Abu Ghraib, more than anything, threw attention and criticism onto the military. But just as the activities of the Military Policemen raised wider questions, so the death of al-Jamadi and his photograph provided an uncomfortable glimpse into the wider world of CIA interrogations, and into the agency's detention of prisoners without trial or formal legal procedures. While the U.S. military may have been criticized most strongly, its prisoners at least were formally logged and registered and given access to the Red Cross. The CIA's prisoners were held in secret and without access to any outsiders. Al-Jamadi was an example of a ghost prisoner. And his case provided the first public glimpse since 9/11 of an alleged homicide in CIA hands.

The month when al-Jamadi died, November 2003, was the height of the panic over the relatively new Iraq insurgency. Six months after the “liberation” of the country, the rebels were gaining in strength, and many Americans who believed their presence had been welcomed were shocked at its ferocity. The UN headquarters had been blown up on August 19, and on October 27, the Red Cross headquarters had been reduced to rubble. Most distressing of all was that Saddam Hussein was still at large, and there was little concrete intelligence about where he might be hiding.

Three agencies were competing to interview prisoners. First there was the CIA-directed Iraqi Survey Group, which handled most of the high-value prisoners and, although set up to help hunt for WMD, had been ordered also to help with the hunt for Saddam. Then there was a Special Operations covert fusion group—Task Force 121—that included the CIA.14 TF 121 had been set up in Afghanistan to hunt for Osama bin Laden, but had been brought over to Iraq to be the key agency directing the hunt for Saddam. Finally there were the military's own intelligence assets, concentrated at Abu Ghraib but also deployed on the ground.15

In the race to find Saddam, the pressure drove each of the agencies to pull out the stops to find useful intelligence. The Military Police said they were told by both Military Intelligence and the CIA to prepare the prisoners for interrogation.16

At this time the CIA's fleet of planes became frequent visitors to the former Saddam International Airport in Baghdad. “We used to see these Gulfstreams and executive jets on the tarmac,” Brigadier General Janis Karpinski told me. “We assumed they were hired by TV journalists. Only later did we find out they were OGA.”17 Two days after the Red Cross bombing, and five days before the raid on al-Jamadi's house, a CIA Gulf-stream flew into Baghdad from Kabul.

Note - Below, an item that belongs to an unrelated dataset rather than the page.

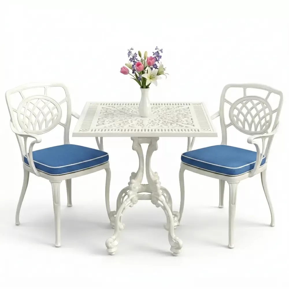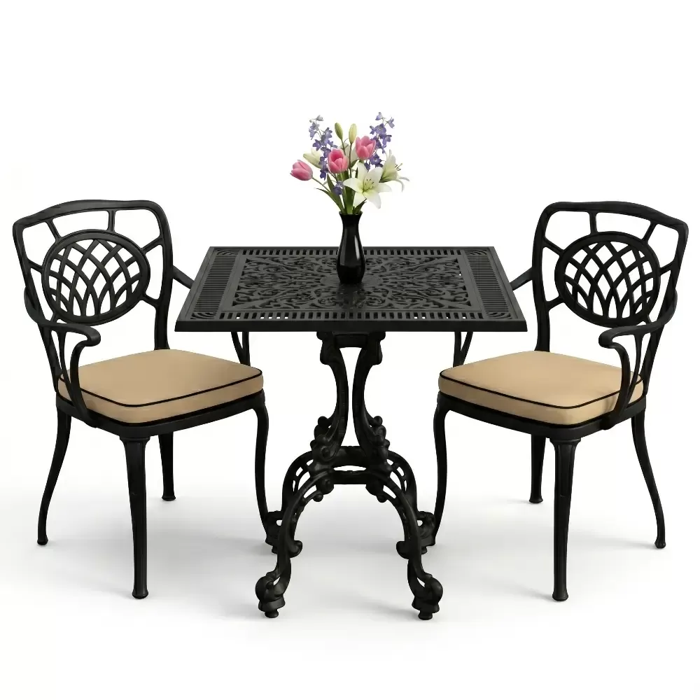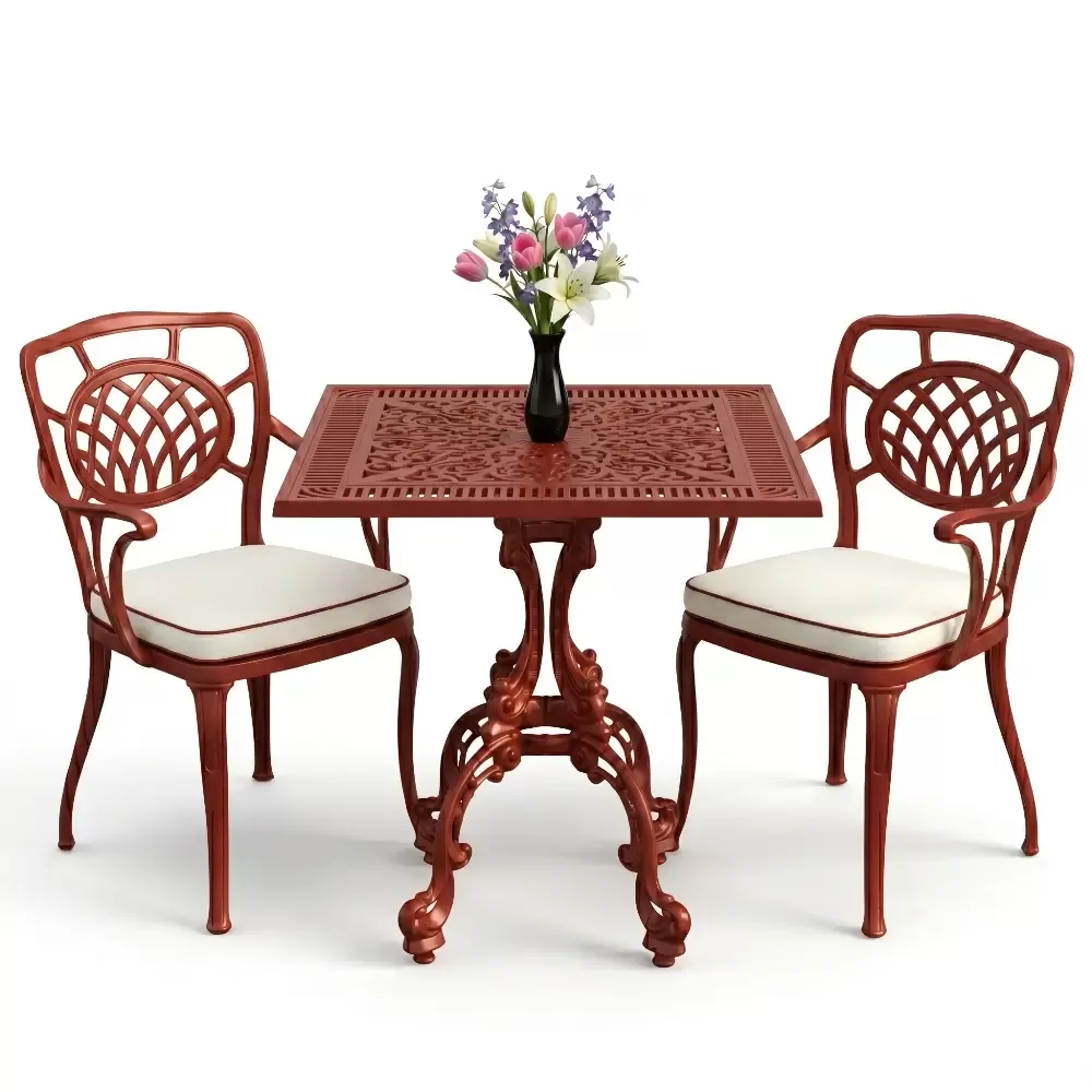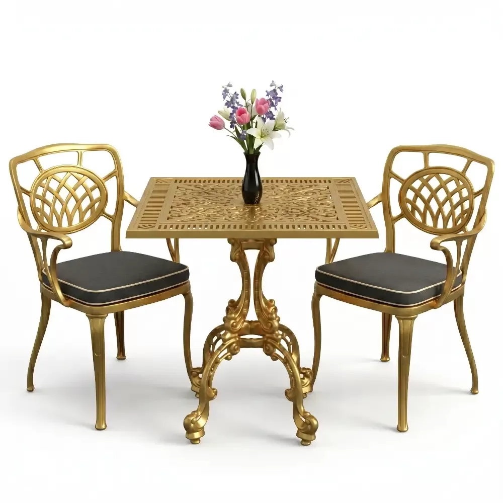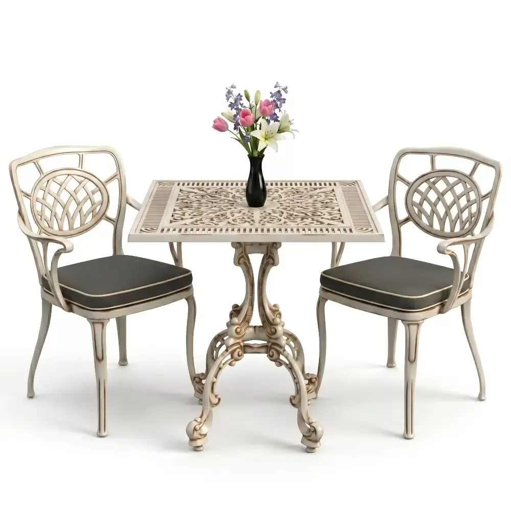 Yüksek kaliteli alüminyum döküm malzemeden üretilen bu takım, doğa şartlarına karşı tam direnç gösterecek şekilde tasarlanmıştır. Demir mobilyaların aksine paslanma ve korozyon riski barındırmaz. Elektrostatik fırın boya teknolojisi ile desteklenen yüzey dokusu; UV ışınlarına, aşırı sıcaklara ve nemli ortamlara karşı üstün koruma sağlayarak ürünün ilk günkü zarafetini uzun yıllar boyunca korumasına yardımcı olur.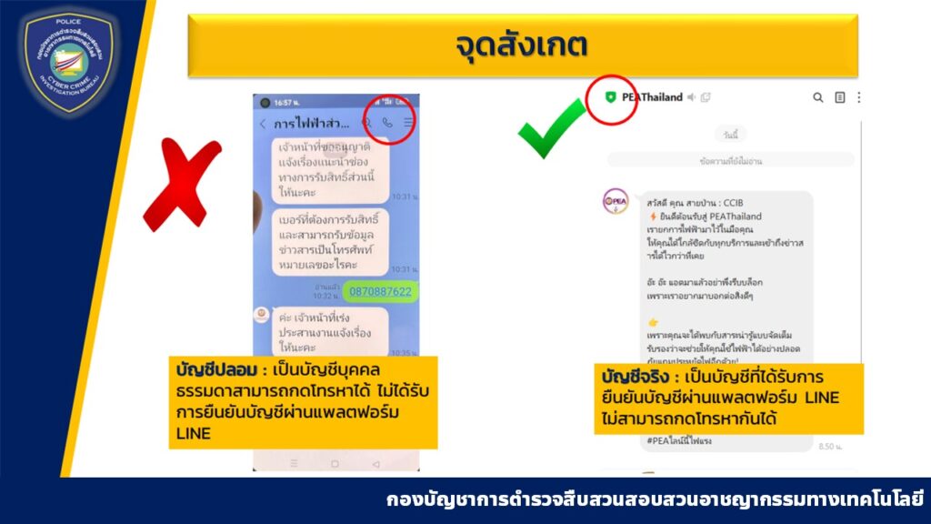พ.ต.อ.กฤษณะ พัฒนเจริญ โฆษก บช.สอท. เตือนภัยมิจฉาชีพแอบอ้างเป็นเจ้าหน้าที่การไฟฟ้าส่วนภูมิภาค (กฟภ.) ส่งข้อความสั้น (SMS) พร้อมโทรศัพท์ไปยังประชาชนแจ้งว่าจะคืนเงินประกันการใช้ไฟฟ้า แล้วหลอกลวงให้แอดไลน์ติดตั้งแอปพลิเคชันควบคุมโทรศัพท์มือถือโอนเงินออกจากบัญชี

CIA planes arrived too at the time of other crucial investigations and interrogations. Within a day of Saddam Hussein's arrest on December 13, both the Gulfstream V and the Boeing 737 had arrived in Baghdad.18

IT was about 2:00 A.M. on November 4, when a convoy of Humvees and blacked-out Chevy Suburbans approached the three-story apartment block where al-Jamadi lived. SEAL Dan Cerrillo was first in, and he rushed the door, striking al-Jamadi with it, and then striking him on the face with two fists.19 The pair struggled ferociously, and his stove fell on him. Then he was grabbed and thrown into the back of a Humvee.

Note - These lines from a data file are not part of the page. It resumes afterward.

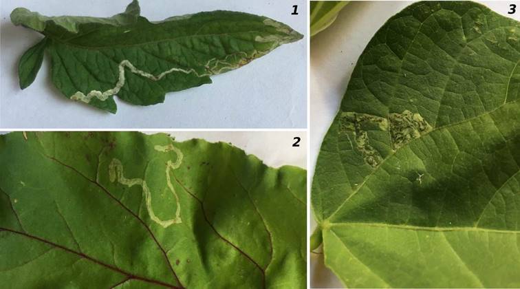 Рисунок 3 – Типы мин. 1 – мины L. sativae на листе Solanum lycopersicum; 2 – мины L. bryoniae на листе Beta vulgaris; 3 – мины L. brassicae на листе Phaseolus vulgaris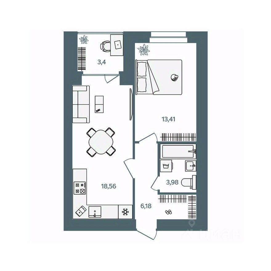 43 м² · Этаж 4 из 16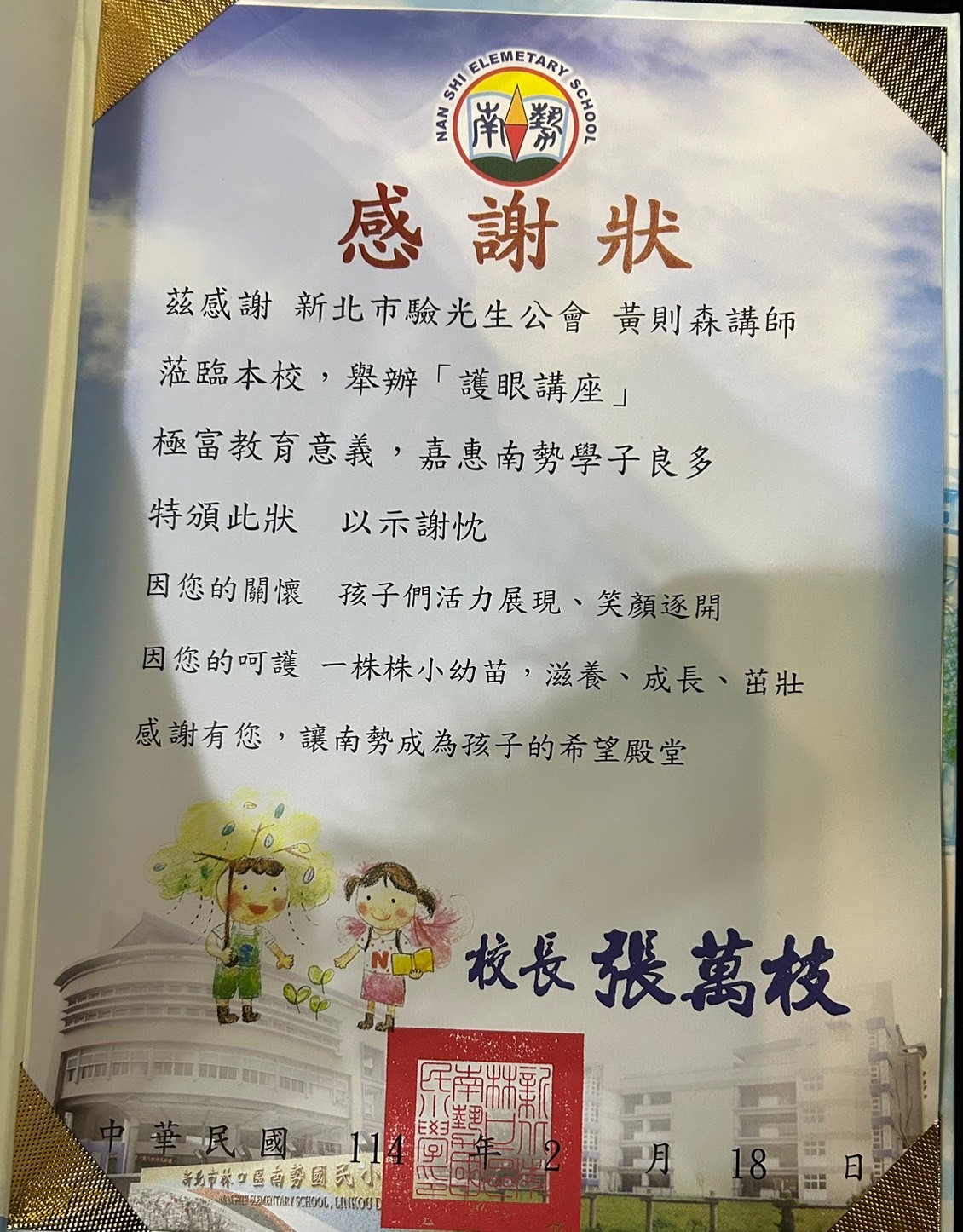 今天來到南勢國小,由黃則森講師帶領學童學習護眼知識,從日常習慣開始,守護孩子們的視力健康????????

The SEALs took al-Jamadi back to their Navy camp near Baghdad Airport, Camp Jenny Pozzi. The commander of the SEAL platoon, Lieutenant Andrew Ledford, was later put on trial at a court-martial in San Diego, accused of allowing al-Jamadi to be severely beaten. He was cleared by the jury of the charge of improper conduct.20 But in testimony, witnesses testified that al-Jamadi was punched, kicked, and struck by the SEALs at the camp, among other places in a tiny space known as the Romper Room. Al-Jamadi was stripped, and water was poured all over him.21 Among those there were the SEALs and CIA officers, the latter including an interrogator and polygraph expert named Mark Swanner22 and “Clint C,” a private contract translator for the agency.

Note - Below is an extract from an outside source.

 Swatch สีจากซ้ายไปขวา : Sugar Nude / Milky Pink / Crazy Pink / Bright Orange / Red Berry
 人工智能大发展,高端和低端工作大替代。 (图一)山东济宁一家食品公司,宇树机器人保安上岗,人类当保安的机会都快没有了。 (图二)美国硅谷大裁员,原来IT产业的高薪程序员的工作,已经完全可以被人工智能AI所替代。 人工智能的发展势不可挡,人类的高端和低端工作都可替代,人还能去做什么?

One CIA interrogator, recalled a SEAL, had pushed “his arm up against the detainee's chest, pressing on him with all his weight.” A CIA guard also testified he heard an agency interrogator threaten to “barbecue” al-Jamadi if he didn't begin to talk. Al-Jamadi apparently moaned, “I'm dying, I'm dying,” to which the interrogator responded, “You'll be wishing you were dying.”23

As he was taken away to a waiting Humvee, the court heard, al-Jamadi was “body-slammed” into the vehicle by SEALs, who confessed he had presented no threat. On arrival at Abu Ghraib, al-Jamadi was still walking freely. Jason Kenner, an MP on duty, said al-Jamadi had been stripped of his underwear, and was naked but for a purple T-shirt and a purple jacket. He had a green plastic sandbag over his head. But he was walking and spoke normally.24 Al-Jamadi was put in a holding cell at first. His remaining clothes were taken off, and he appeared to have no injuries, said Kenner. Then, the MPs were told to put the prisoner into an orange jumpsuit and take him to Tier 1-Alpha, the wing of Abu Ghraib used by the OGA. The “Alpha” section, which typically held about twenty prisoners, was part of the overall Tier 1 that was policed by the 372nd Military Police Company, the unit held responsible for the worst Abu Ghraib abuses. Al-Jamadi did not resist the transfer. At Tier 1-A, his interrogation took place in a shower room.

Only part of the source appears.